In his session during Logistics Management’s Virtual Summit in December, MIT’s Yossi Sheffi stated that whatever may come from the pandemic era, one sure bet was that it would act as “a great accelerator for supply chain technology trends that were already in motion.”
His forecast is coming to fruition.
Starting on page 20, contributing editor Bridget McCrea kicks off our 2021 Technology Issue by catching up with Sheffi and six other top supply chain technology analysts to see just how far logistics professionals have progressed on their digital transformation journey over the past year.
Back in December, Sheffi suggested that due to the new, sequestered working environment, real-time data analytics and communications platforms that facilitate telecommuting and provide increased visibility into supply chain operations would be the first to accelerate.
“That was certainly the case,” says McCrea. “Seemingly overnight, shippers were grappling with an entirely new set of challenges, and companies using antiquated visibility and forecasting tools like spreadsheets had a tough time keeping up with the huge uptick in e-commerce orders as well as managing remote workforces, supply interruptions and new customer demands. It was either implement visibility software and modern communications processes—or shut down.”
Gartner’s Bart De Muynck takes it a step further. He says that while the disruption has accelerated the interest in creating digital business models, we now need to continue the investment and fully execute on digital—and only then will we recover and be prepared for the future.
The discussion on technology acceleration continues in this year’s Technology Roundtable. Starting on page 30, our 2021 panel takes a look at the technology tools that are alleviating some of the pressure from our strained freight networks and warehouse and DC operations triggered by the growth of e-commerce.
“As a percentage of total retail sales, e-commerce has been taking about 1 to 1.5 percentage points a year away from brick-and-mortar sales pretty steadily for the last five years,” says roundtable panelist Ian Hobkirk. “In 2020, e-commerce market share grew by 4% in the second quarter alone. That means that when the pandemic first hit, we saw the equivalent of more than three years of natural e-commerce growth in just a month or two.”

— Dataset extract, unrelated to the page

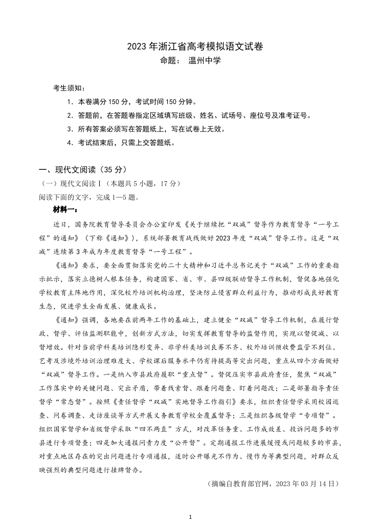 2023年浙江省高考四校联盟高三模拟卷 语文
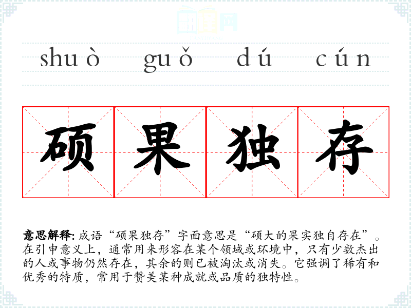 成语“硕果独存”字面意思是“硕大的果实独自存在”。在引申意义上,通常用来形容在某个领域或环境中,只有少数杰出的人或事物仍然存在,其余的则已被淘汰或消失。它强调了稀有和优秀的特质,常用于赞美某种成就或品质的独特性。

And that reality created challenges never seen before across every part of operations. With that in mind, our roundtable panel dives deeper into the evolution of advanced transportation management systems, the benefits of supply chain network design technology, the rise of goods-to-person systems and robotics—and offers suggestions for optimizing e-commerce automation and delivery systems.
“The old adage was ‘necessity is the mother of invention,’ but in our times we’re solving the new challenges by simply putting existing technology to work in new ways,” says roundtable panelist Bill Brooks. “There hasn’t been anything like it in our lifetime.